There’s the London’s Burning chapter, which is about Aids and HIV, and my own diagnosis is in there. I talk about when I was diagnosed and how I nearly died of full-blown Aids. I literally had under 150 T cells left. I was classed at one point as [having] full-blown Aids. I talk about that, quite thoroughly, about how I was in a coma for so long and everything, about the fact that they did come along with antiretrovirals and pump me full of it as a trial, and it saved my life.

It’s a major part of my life that I’ve never kept a secret, because it’s not a secret, but I’ve gone in and talked about in depth. Also, the abuse chapter, when I was a child and abused for four years. That’s in there. To write that and talk about that stuff is hard. It made me ill. I was physically sick writing that chapter. For a week and a half, I was vomiting and stuff. It brought up so much.

[On writing about his abuse] For me, by discussing it and bringing it to the surface and talking about it in such depth, I think it’s going to help so many more people to realise that, they’re not alone, it wasn’t their fault, and they’re not to blame.

There’s real light in the darkness.

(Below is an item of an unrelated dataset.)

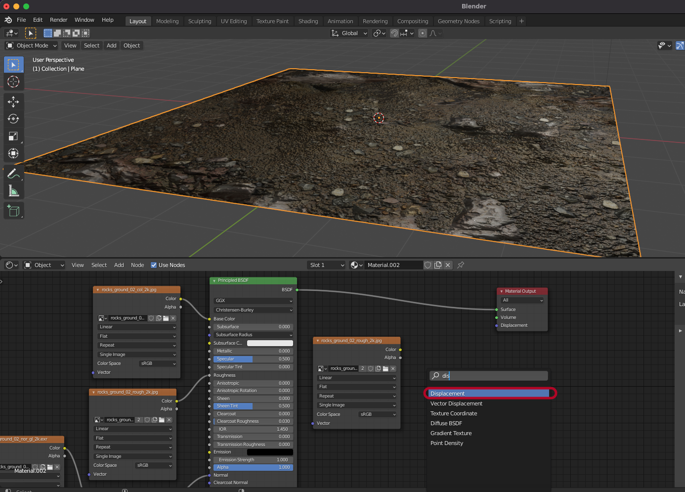 Shift + A를 눌러서 Displacement를 추가합니다.
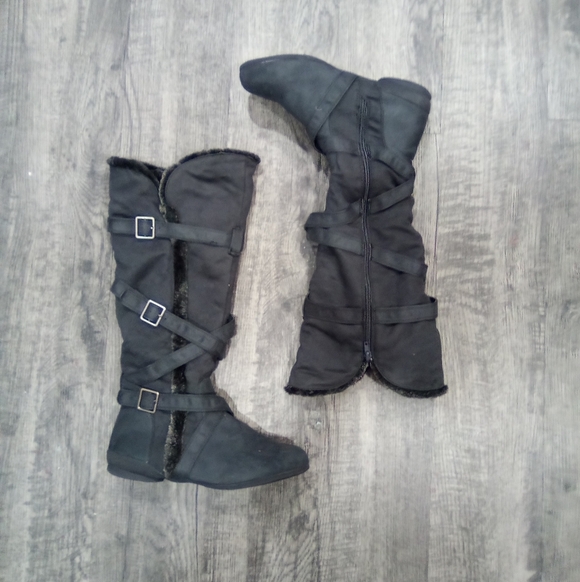 Stay warm and fashionable with these black winter boots. Featuring a sleek design and buckle accents, they are perfect for cold weather outings. not my size

It’s not a book about darkness, it’s about finding the light.

What song holds a special place in your heart and why?

Soldiers of Twilight’s Believe. The words to that song changed my life… I don’t listen to music, I feel music. There’s a difference. It’s like a vibration. During lockdown, I was Djing to yuccas in my garden and palm trees, and I struggled. I wasn’t getting the energy. I thrive off of 10 people, f***ing 20,000 people. It’s all about energy for me. Music is the best drug in the whole world.

Tony’s book I Don’t Take Requests is out now.